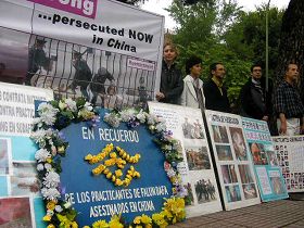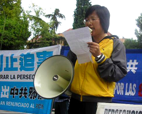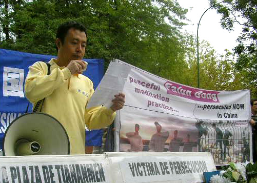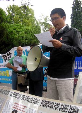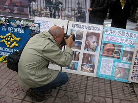 ![]() 西班牙学员在中使馆前揭露中共暴行 |
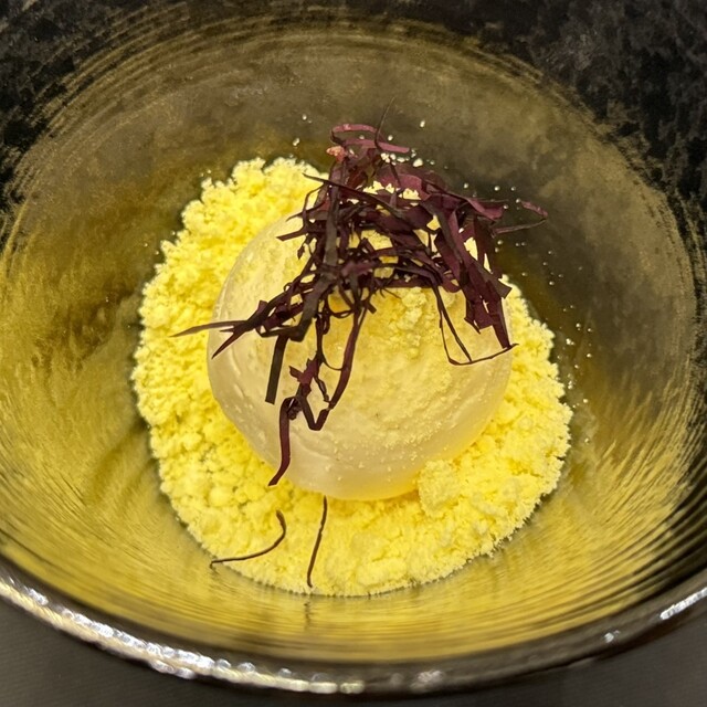 鰹の下側には八千代牛乳で作ったヨーグルトが合わさっており、鰹の旨味がヨーグルトの酸味を甘味に変えてくれた。
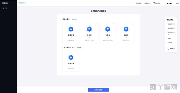 · 若无商标,则选择普通店: o 普通店 · 若有商标,则根据以下要求选择对应店铺: o 专营店:指经营两个及以上品牌的店铺。 o 专卖店:指经营一个品牌的店铺。 o 旗舰店:指以自有品牌或由商标权人提供独占授权的品牌入驻平台开设的店铺。 3) 填写主体信息 提示 可以选择**法定代表人入驻(法定代表人代表公司办理入驻手续)和代理人入驻**(代理人经公司授权代表公司办理入驻手续); • 法定代表人入驻:需要提供法定代表人手持证件人像面照片和法定代表人证件人像面和证件背面照片; • 代理人入驻:需要提供代理人手持证件人像面照片和证件人像面,背面照片和法定代表人证件人像面和证件背面照片。
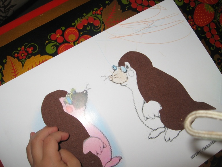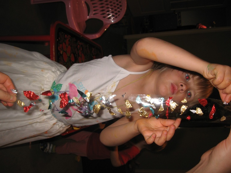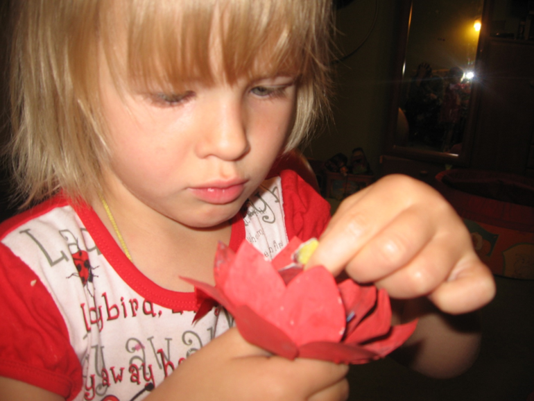 Лиде понравился процесс разрезания фольги на мелкие кусочки, и им обоим понравилось быть ветром и раздувать листики, а потом наклеивать то что не приклеилось от ветра на скотч руками. Опять включила им музыку Шопена и Чайковского. Лида заметила, что вальс Шопена Осень грустный, и попросила включить «веселую осень». Я включила ей финскую польку. Она сказала: подходит. Слушали разные польки. Дети в перерывах между творческой работой плясали. Посмотрели сказку Дюймовочка. Тима еще не смотрит мультики, а тут обратил внимание. Очень эмоционально пытался рассказать о своих впечатлениях и расцеловать экран с Дюймовочкой. Во время просмотра Лида сказала: мама, посмотри какая мышь добрая, не пускает Дюймовочку на улицу раздетой. Я ей: т.е. она о ней заботиться? Да. А потом я спросила: а как ты думаешь, почему мышь о ласточке не позаботилась? - А она подумала, ну ее. - т.е. она была равнодушна к ласточке? - да, сказала дочь подумав. Она же не любит птиц. Она для Дюймовочки заботливая, а для тех кого не любит равнодушная. Потом еще по ходу сказки у Лиды возникали вопросы подобного типа: как же Дюймовочка даже с мышью не попрощалась, когда с ласточкой улетала. А на замечание папы: надо было за крота выходить дочь ответила: ты что, папа. Она же солнце и цветы любит, а Крот нет. Как бы она жила с ним в темноте, представь! Т.к. у нас не получилось (принтер сломался) распечатать материал к Дюймовочке, то я сделала ее сама. При этом мы познакомились с линейкой и постарались понять, сколько же это Дюйм. Измерили нашу Дюймовочку и поняли, что она в 2 раза больше. Ну ничего, сказала дочь, с такой играть удобнее! Сделали ореховую скорлупу из пластилина и дочь застелила его фиалками. В ванной мы разыграли сценку Дюймовочки с жабой, рыбками и раком из мультфильма.

ASSIGNED TASK: Every line from the top of the material above through the line with "若无商标,则选择普通店: o 普通店" should be duplicated exactly, please; leave out the pictures.

SOLUTION FOR THIS PROBLEM:
 ![]() 西班牙学员在中使馆前揭露中共暴行 |
 鰹の下側には八千代牛乳で作ったヨーグルトが合わさっており、鰹の旨味がヨーグルトの酸味を甘味に変えてくれた。
 · 若无商标,则选择普通店: o 普通店 · 若有商标,则根据以下要求选择对应店铺: o 专营店:指经营两个及以上品牌的店铺。 o 专卖店:指经营一个品牌的店铺。 o 旗舰店:指以自有品牌或由商标权人提供独占授权的品牌入驻平台开设的店铺。 3) 填写主体信息 提示 可以选择**法定代表人入驻(法定代表人代表公司办理入驻手续)和代理人入驻**(代理人经公司授权代表公司办理入驻手续); • 法定代表人入驻:需要提供法定代表人手持证件人像面照片和法定代表人证件人像面和证件背面照片; • 代理人入驻:需要提供代理人手持证件人像面照片和证件人像面,背面照片和法定代表人证件人像面和证件背面照片。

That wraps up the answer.